Saturday, October 9, 2010

Starless

Yapmam gereken bir sürü iş var, ama canım hiçbir şey yapmak istemiyor. Canım oldukça sıkkın.

Kendimi hiçbir boka yaramayan tipler gibi hissediyorum.


--

Bir deviant'ı (yani DeviantArt üyesini) tanımanın, o sanatçı hakkında fikir edinmenin yollarından birisi galerisine bakmaktır. Yaptığı çalışmalar o kişiden izler taşıyacaktır şüphesiz.

Ama pek üretken olmayan, dA'daki zamanının büyük bir kısmını başkalarının yaptıklarını incelemekle geçiren bir üyeyi tanımanın en iyi yolu onun galerisini değil, favorilerini incelemektir. İşte benim favorilerim bunlar. Arada çok sevimli şeyler de var, ürkütücü olanlar da. O kadar çok insanı ve klubü takip ediyorum ki, takip listemdeki çalışmaların sayısı 1000'in altına düştüğünde "Oh, biraz eridiler," diye seviniyorum.

Özellikle beğendiğim çalışmalar Awesomeness klasöründeler. Onların burada olmasının nedeni teknik başarıları değil ("teknik başarı" saçma bir kelime oldu zaten), bana hayal dünyam Asporia'yı veya sevdiğim başka şeyleri hatırlatıyor olmaları.


--
Paintball'u bırakacağım sanırım. Geçen gün tam alnımın ortasında, derimde patlayan ve boyası maskemin içine, gözlüğümün üstüne sıçrayan boya topunun bunda büyük bir etkisi var. Ama bu oyunu beceremiyorum nedense. Bazı insanlar asker olmak için doğar. Ben onlardan birisi değilim. Orta Çağ'da yaşayan bir asker olsaydım herhalde ilk savaşımda ölürdüm.
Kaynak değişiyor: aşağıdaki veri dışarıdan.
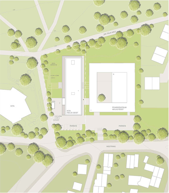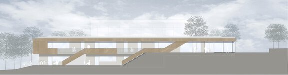 Der Neubau der Kindertagesstätte setzt sich als eigenständiger Baukörper neben das bestehende Gemeindezentrum. Mit seiner markanten horizontal gegliederten Ansichtsfigur aus unbehandelten Lärchenholzelementen fügt es sich in die Topographie in selbstverständlicher Weise ein.
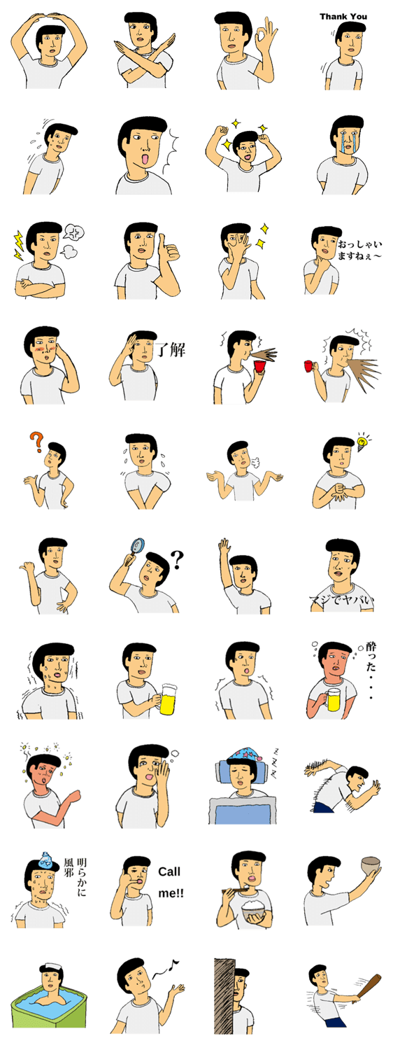 | スタンプ説明 | 無表情なキャラクター、M氏がLINEスタンプでなんとか感情を表現しようとしています。微妙な感情を表現したいときにお使いください。 |
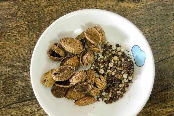 第二步:把春砂仁和胡椒粉压碎备用,生姜去皮洗干净后切成片备用。
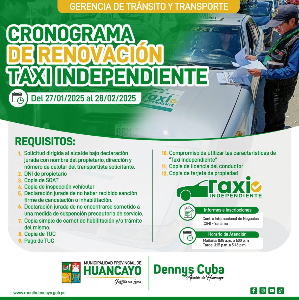 La Gerencia de Tránsito y Transporte de la Municipalidad Provincial de Huancayo anunció el lanzamiento del cronograma para la renovación de los permisos de “taxi independiente” en nuestra ciudad. Con esta medida, se renovarán más de 1,200 unidades de taxis que cumplan con los requisitos establecidos, permitiendo a los conductores continuar prestando su servicio de manera formal y segura en la ciudad.
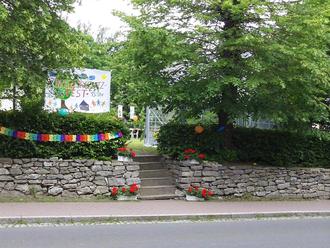 auf dem Zinzendorfplatz, bei Regen im Comeniuszentrum
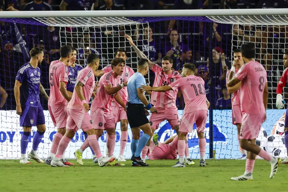 Inter Miami players an surround official, center, while arguing about a corner kick against Orlando City during the first half of an MLS soccer match, Sunday, Aug. 10, 2025, in Orlando, Fla. (AP Photo/Kevin Kolczynski)
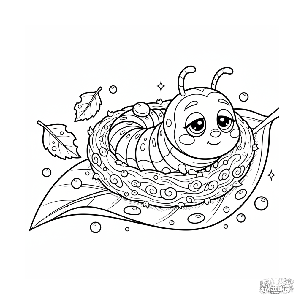 Página para colorear para 4-6 años: una oruga somnolienta durmiendo en un nido de seda en una hoja grande con rocío.
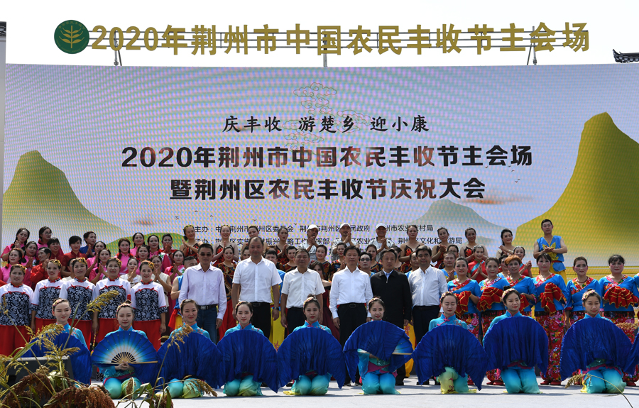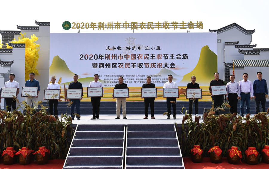 本网讯(记者 周芳)今天(9月24日)上午,党委书记朱继平应邀出席2020年荆州市中国农民丰收节主会场暨荆州区2020年农民丰收节庆祝大会,并为获得“荆州市十佳最美乡村”荣誉的单位颁奖。
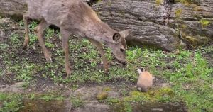 Out near the woods, a woman comes across a wild fawn who just noticed a little bunny rabbit and didn’t know what to think of the strange creature. It approaches to do some investigating and actually listens to the human’s advice to be gentle and not hurt it. Is this a real life Bambi and Thumper?
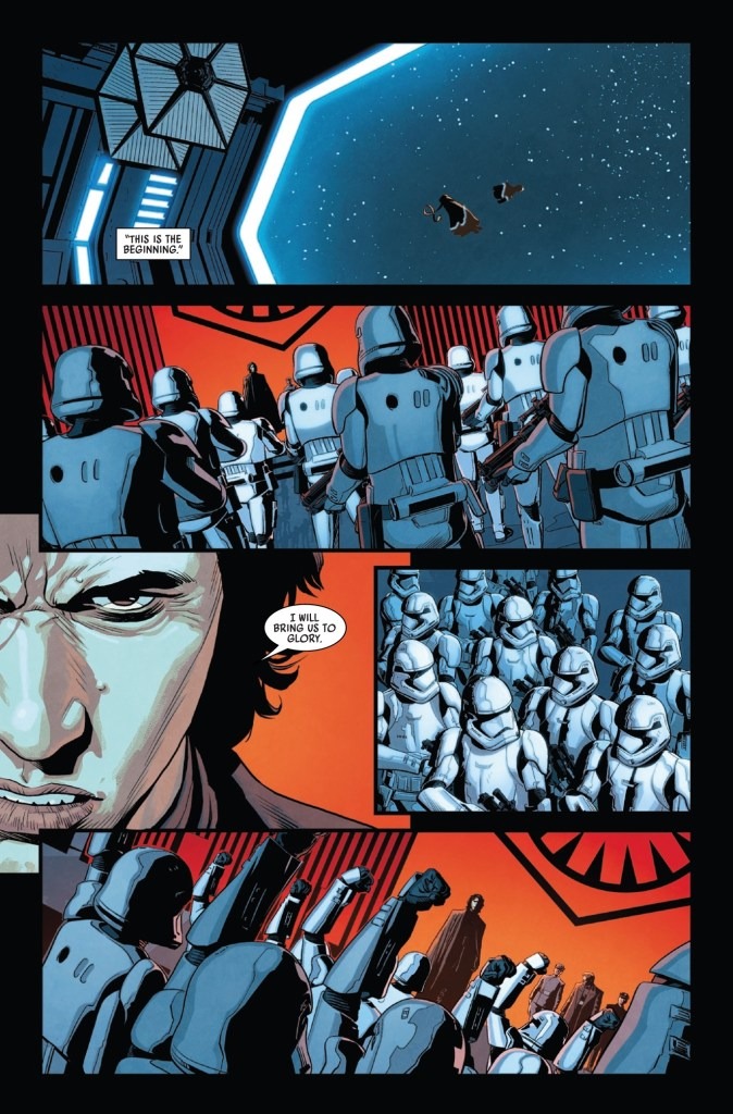 DARTH VADER’S SHADOW EXTENDS INTO…THE RISE OF THE FIRST ORDER! The reign of SUPREME LEADER KYLO REN begins! Kylo’s dark obsession leads him to MUSTAFAR! What secrets does FORTRESS VADER hold for the young tyrant? And what face from the past will guide him on his quest?
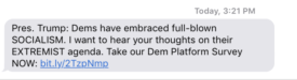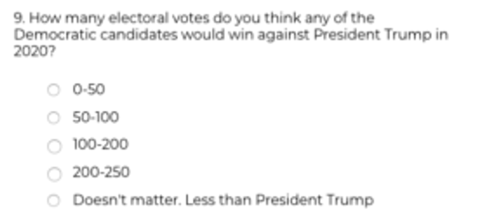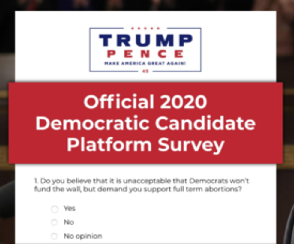 The Trump campaign's latest survey, regarding 2020 Democratic candidates, focuses on the latter.
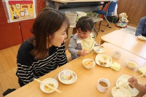 お給食も大好きなお母さん、お父さんと一緒に食べました!
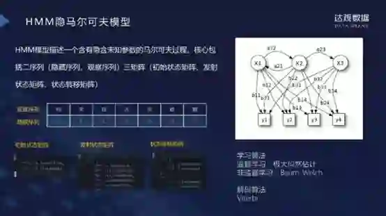 HMM是我个人学的第一个模型,但是我现在基本上不用这个模型。为什么不用?因为它的效果还是相对差一点。但它也有优点。因为做极大似然估计就是简单的统计,速度非常快。所以这个模型的更新可以做到秒级。你做一个数据的修改,跑一遍立刻把数据统计出来,修改矩阵以后很快就对这个模型做一个更新。所以在项目的初始阶段,我们可以快速地用这个方法来做baseline或者动态的修改。尤其在实际业务中,可能客户做了一些修改后他需要实时知道反馈,这时候可以用HMM,虽然可能不能保证有好的效果。
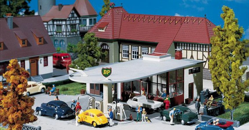 Cette maquette reprsente une station service BP dans le style architectural des années 50 avec pompes à carburant couvertes d’un toit arrondi et caisses.
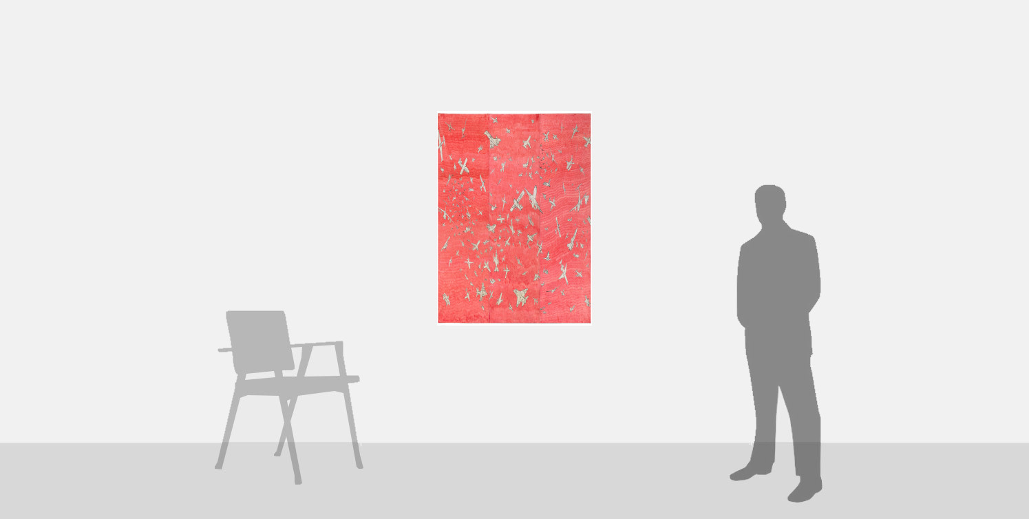 But in Aerei, the study on conceptual contrasts does not end here, as the artist pushes the more reflective gaze of the observers to a biunivocal or, more precisely, bipolar analysis, on time and space, which are two elements on which the artist's research and expression are more concentrated. In fact, in front of Aerei we notice how the apparent uniqueness of the conception of time is actually child of a tension generated by two opposing forces: on the one hand there is the dimension of possibility and freedom of the infinite, expressed by the several routes and by the incalculable destinations that the numerous planes depicted in the painting can travel and reach; on the other hand we perceive the rigor and impossibility of the limit, defined both by the material "boundaries" of the pictorial surface - which, being delimited in turn in three panels, interrupts and separates not only the future routes not yet travelled but also the planes and the sky space that are already present and immediately visible in the work - and by the technique with which the artist represents the sky, which, defined and coloured with a repetitive and almost geometric hatching, gives shape, and therefore sets a limit, to the airy atmospheric abstractness.
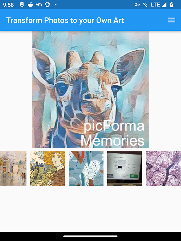 میتوانید هر تصویری را بهعنوان «فیلتر» هوش مصنوعی خود آپلود کنید یا از میان «فیلترهای» ارائهشده هوش مصنوعی در برنامه ما انتخاب کنید. یک عکس جدید بگیرید یا عکس هایی را از تلفن خود انتخاب کنید. فیلتر هوش مصنوعی خود را اعمال کنید تا عکسهای خود را به هنر AI شخصی تبدیل کنید - که منحصراً متعلق به خودتان است. سریع، آسان، سرگرم کننده و رایگان است!
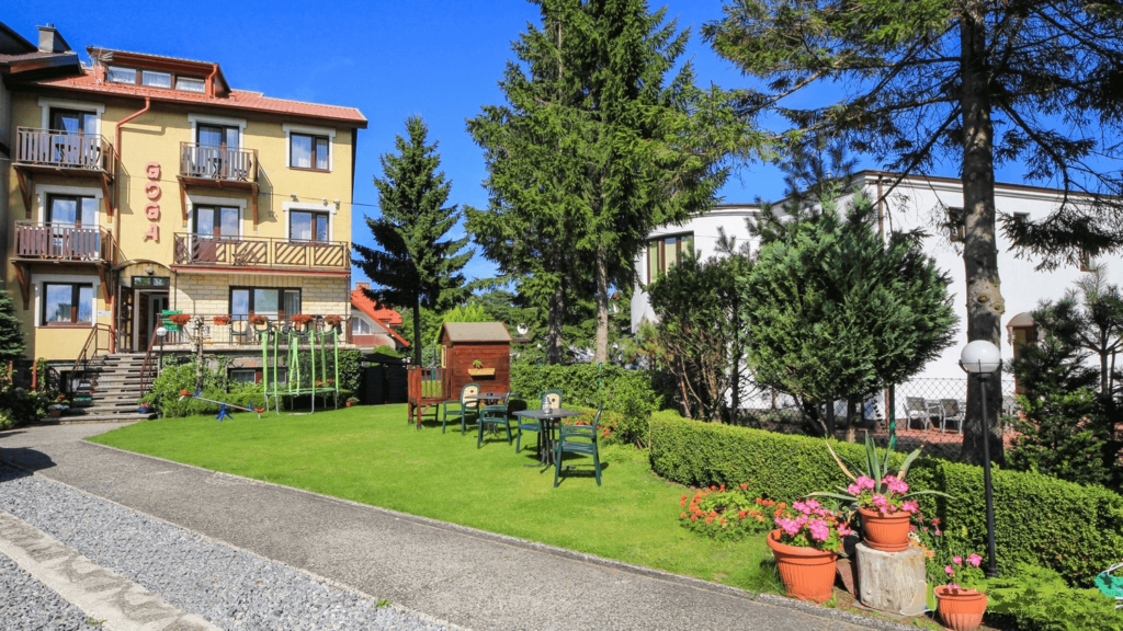Do dyspozycji jest również duży ogród, bezpieczny plac zabaw dla dzieci oraz parking na wyłączność Gości.

Quake 3'ü bu kadar çok sevmemin nedeni canavar gibi iyi oynayabildiğim nadir oyunlardan birisi olması (aslında oyunu çok sevdiğim için iyi oynuyorum ve iyi oynadığım için oyunu seviyorum). Ama takım halinde oynarken değil. Hayatım boyunca hiçbir takım oyununda takımımla iyi bir koordinasyon kurabildiğimi, ekibime başarı getirdiğimi hatırlamıyorum. Tüm başarılarım tek başıma yaptıklarımdaydı. Paintball keşke deathmatch olsaydı.